The acceleration due to gravity on the surface of the moon is `1.7ms^(-2)`. What is the time perioid of a simple pendulum on the surface of the moon, if its time period on the surface of earth is `3.5s ?` Take `g=9.8ms^(-2)` on the surface of the earth.

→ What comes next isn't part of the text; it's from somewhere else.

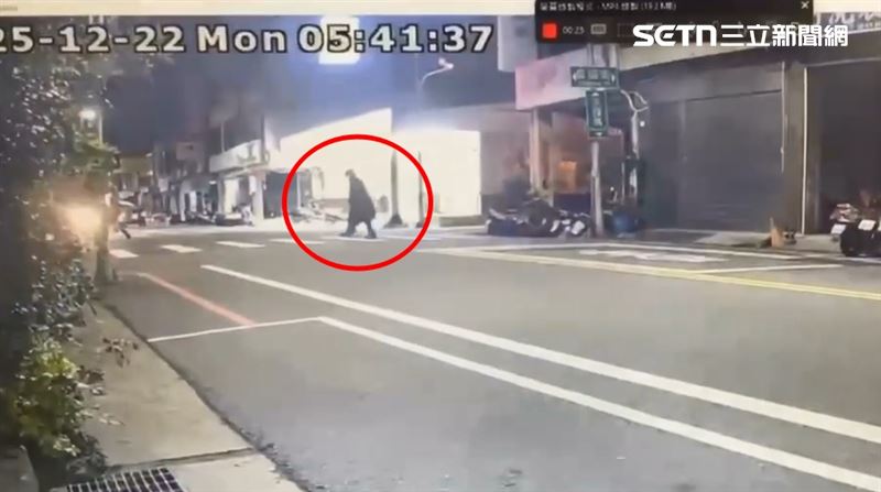 監視器拍下,今日清晨5時41分許,85歲陳姓老翁疑似外出晨運,行經光復路、自強街口,當時路口是閃燈號誌,陳翁走在斑馬線上過馬路,結果走到一半,一輛黑色轎車高速疾駛而來,撞上陳翁。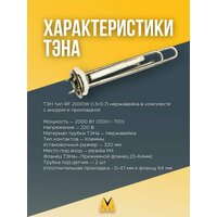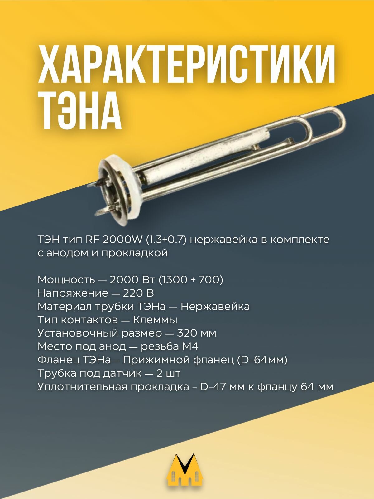 ТЭН тип RF 2000W (1300+700) нержавейка с анодом и прокладкой для водонагревателя Thermex, Electrolux, Zanussi. ТЭН тип RF мощностью 2000W (1300+700) на фланце диаметром 64 мм - идеальное решение для вашего водонагревателя. ТЭН изготовлен из нержавейки, что обеспечивает высокую эффективность и долговечность. Подходит для использования с такими брендами, как Thermex, Electrolux, Zanussi, Ballu и Polaris.

To find the time period of a simple pendulum on the surface of the moon, we can use the relationship between the time period of a pendulum and the acceleration due to gravity. The formula for the time period \( T \) of a simple pendulum is given by: \[ T = 2\pi \sqrt{\frac{L}{g}} \] where: - \( T \) is the time period, - \( L \) is the length of the pendulum, - \( g \) is the acceleration due to gravity. ### Step 1: Write the time period formula for Earth and Moon For Earth: \[ T_e = 2\pi \sqrt{\frac{L}{g_e}} \] For Moon: \[ T_m = 2\pi \sqrt{\frac{L}{g_m}} \] Where: - \( g_e = 9.8 \, \text{m/s}^2 \) (acceleration due to gravity on Earth), - \( g_m = 1.7 \, \text{m/s}^2 \) (acceleration due to gravity on Moon). ### Step 2: Set up the ratio of the time periods Since the length \( L \) of the pendulum is the same on both Earth and Moon, we can set up the ratio of the time periods: \[ \frac{T_e}{T_m} = \sqrt{\frac{g_m}{g_e}} \] ### Step 3: Substitute the known values We know: - \( T_e = 3.5 \, \text{s} \) - \( g_m = 1.7 \, \text{m/s}^2 \) - \( g_e = 9.8 \, \text{m/s}^2 \) Substituting these values into the ratio: \[ \frac{3.5}{T_m} = \sqrt{\frac{1.7}{9.8}} \] ### Step 4: Solve for \( T_m \) First, calculate \( \sqrt{\frac{1.7}{9.8}} \): \[ \sqrt{\frac{1.7}{9.8}} \approx \sqrt{0.173469} \approx 0.416 \] Now, substitute this back into the equation: \[ \frac{3.5}{T_m} = 0.416 \] Cross-multiplying gives: \[ 3.5 = 0.416 \cdot T_m \] Now, solve for \( T_m \): \[ T_m = \frac{3.5}{0.416} \approx 8.4 \, \text{s} \] ### Final Answer The time period of the simple pendulum on the surface of the moon is approximately \( 8.4 \, \text{s} \). ---